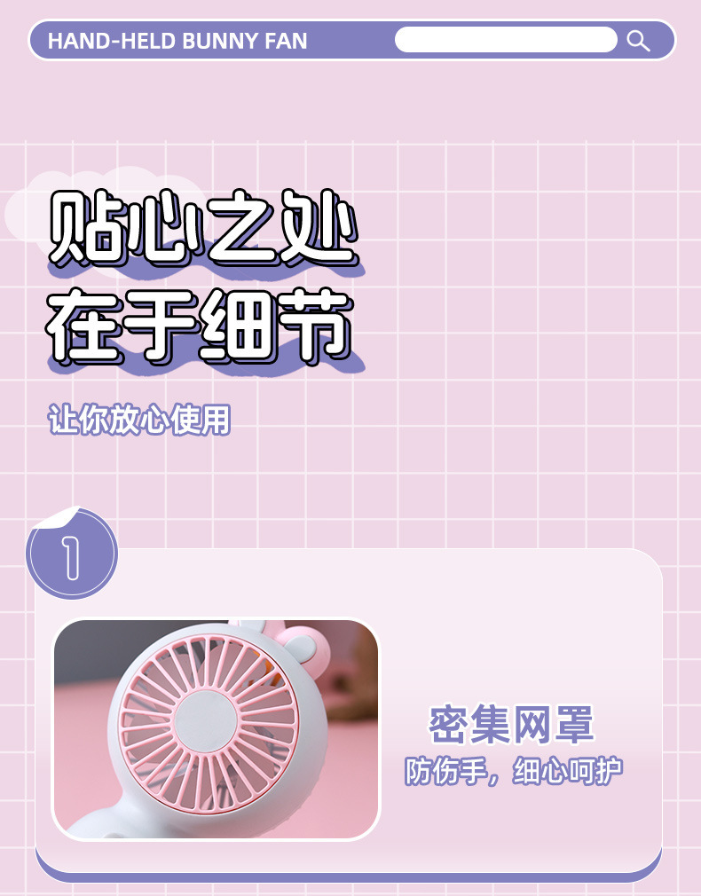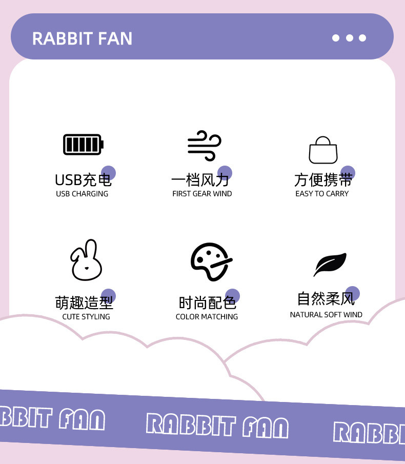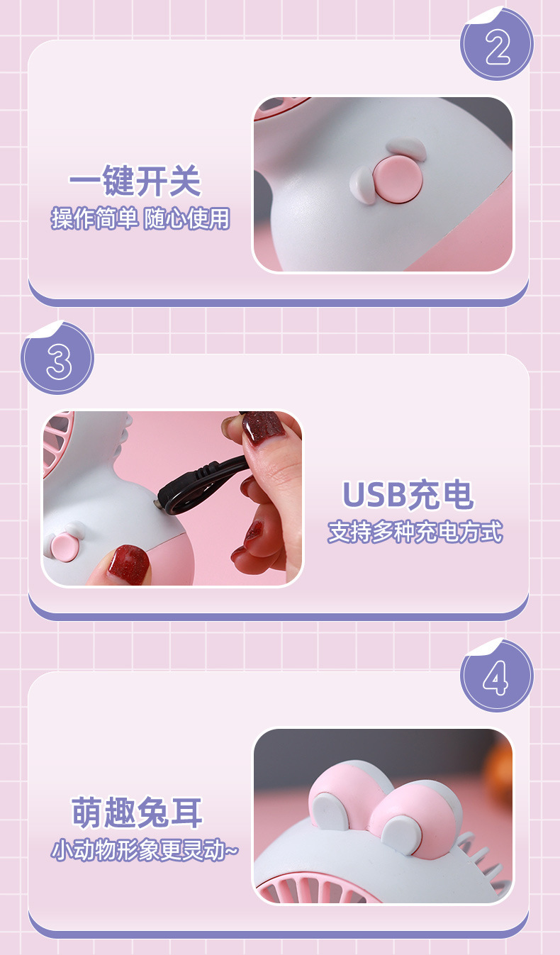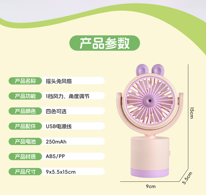 ZB141 Cute Pet Head-Tilting Rabbit Charging Fan
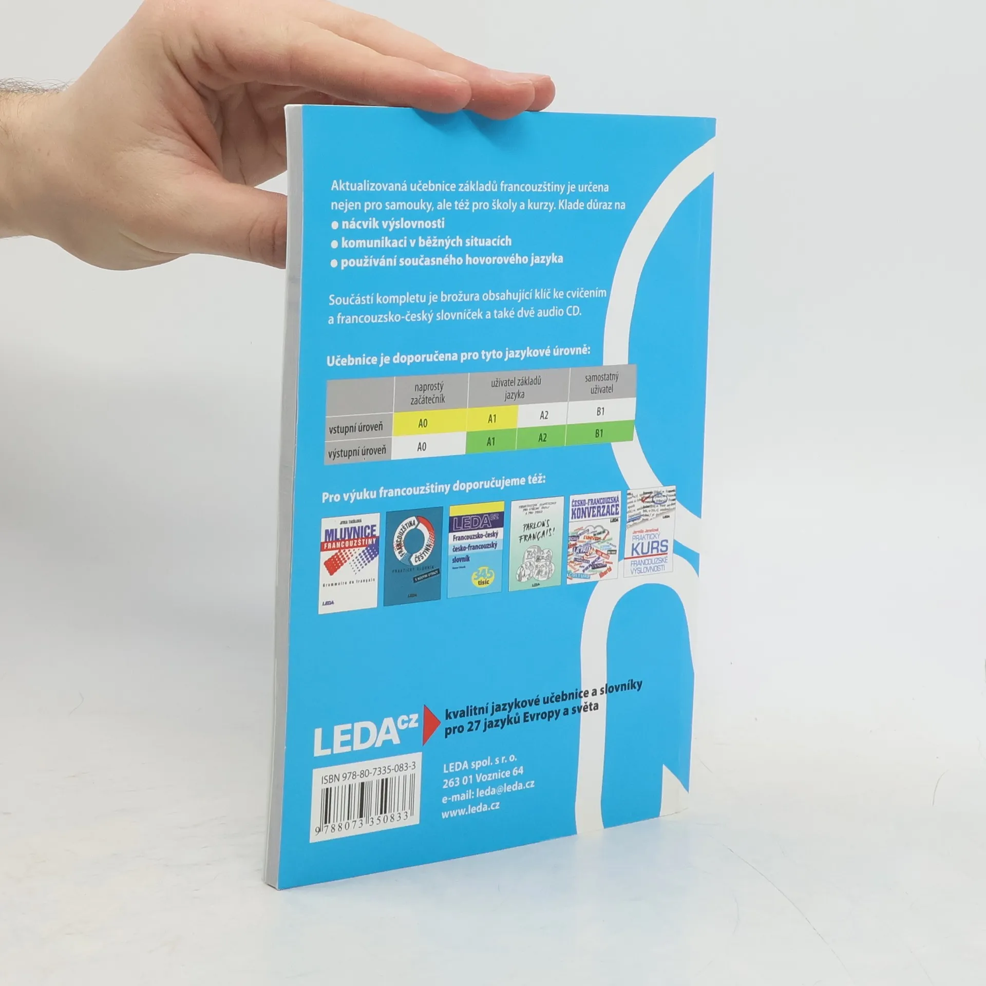 Aktualizovaná a doplněná verze oblíbené učebnice určené samoukům, účastníkům jazykových kurzů, studentům i „věčným“ začátečníkům, kteří si potřebují osvěžit své znalosti. Učebnice má 35 lekcí a každá obsahuje úvodní text, slovíčka, frazeologismy i francouzské reálie spjaté s každodenním životem. Následuje mluvnická část, na niž navazují cvičení. Výslovnost a pravopis jsou probírány v prvních 15 lekcích, každý fonetický jev je důkladně procvičen. Součástí učebnice je jednak brožura s klíčem ke cvičením a francouzsko-českým slovníčkem, jednak dvě audio CD, na nichž rodilí mluvčí nahráli úvodní texty, dialogy, všechna fonetická a vybraná mluvnická cvičení. Pokud uživatel poctivě prostuduje celou učebnici, měly by jeho jazykové znalosti odpovídat nejlepšímu maturitnímu průměru. 1. vydání.
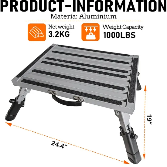Telescopic Aluminum Step Ladder Folding Step RV Stool Anti Slip Surface
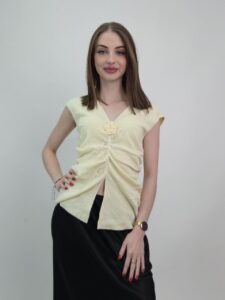 Żółta bluzka damska z ozdobnym kwiatem
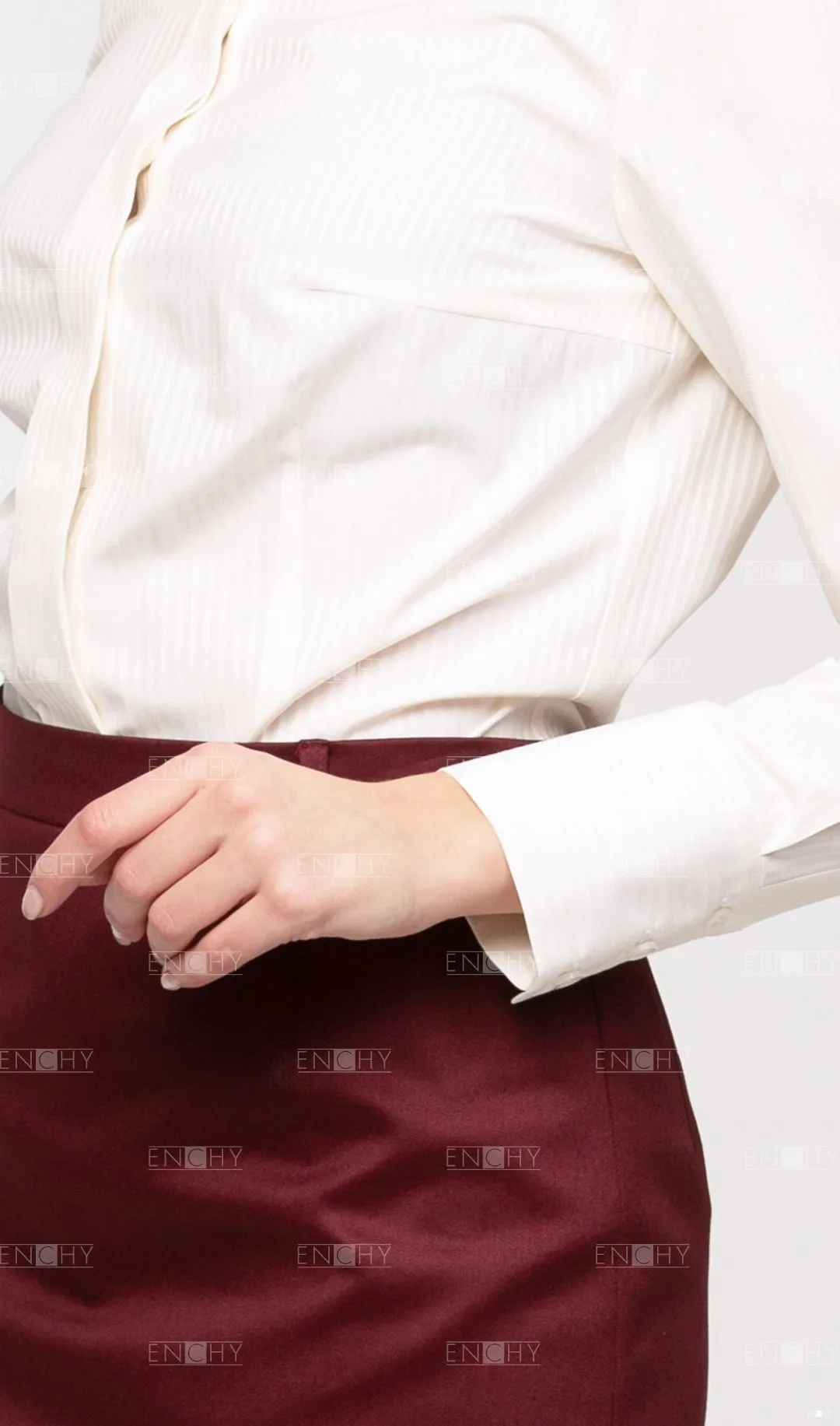 Классическая блуза с супатной застежкой, простая и стильная. Особенностью блузы являются широкие манжеты на 3 пуговицах с планкой. Дизайн дополнен небольшим стояче-отложным воротником. Спинка с кокеткой и рельефами, перед с вытачками, комфортная посадка по фигуре.
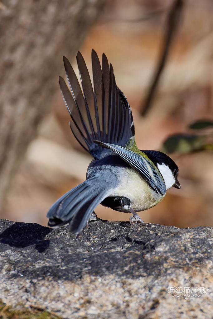 枝から短距離を飛び降りるときとかどういう感じなのかなと思ってたんですが、一瞬羽は動かすものの単純にピョンと飛び降りてますね。

====

**Problem to work on**. Would you please write out the entries in full, exactly as they read, but without pictures?

**Response to the exercise**.
 ZB141 Cute Pet Head-Tilting Rabbit Charging Fan
 Aktualizovaná a doplněná verze oblíbené učebnice určené samoukům, účastníkům jazykových kurzů, studentům i „věčným“ začátečníkům, kteří si potřebují osvěžit své znalosti. Učebnice má 35 lekcí a každá obsahuje úvodní text, slovíčka, frazeologismy i francouzské reálie spjaté s každodenním životem. Následuje mluvnická část, na niž navazují cvičení. Výslovnost a pravopis jsou probírány v prvních 15 lekcích, každý fonetický jev je důkladně procvičen. Součástí učebnice je jednak brožura s klíčem ke cvičením a francouzsko-českým slovníčkem, jednak dvě audio CD, na nichž rodilí mluvčí nahráli úvodní texty, dialogy, všechna fonetická a vybraná mluvnická cvičení. Pokud uživatel poctivě prostuduje celou učebnici, měly by jeho jazykové znalosti odpovídat nejlepšímu maturitnímu průměru. 1. vydání.
Telescopic Aluminum Step Ladder Folding Step RV Stool Anti Slip Surface
 Żółta bluzka damska z ozdobnym kwiatem
 Классическая блуза с супатной застежкой, простая и стильная. Особенностью блузы являются широкие манжеты на 3 пуговицах с планкой. Дизайн дополнен небольшим стояче-отложным воротником. Спинка с кокеткой и рельефами, перед с вытачками, комфортная посадка по фигуре.
 枝から短距離を飛び降りるときとかどういう感じなのかなと思ってたんですが、一瞬羽は動かすものの単純にピョンと飛び降りてますね。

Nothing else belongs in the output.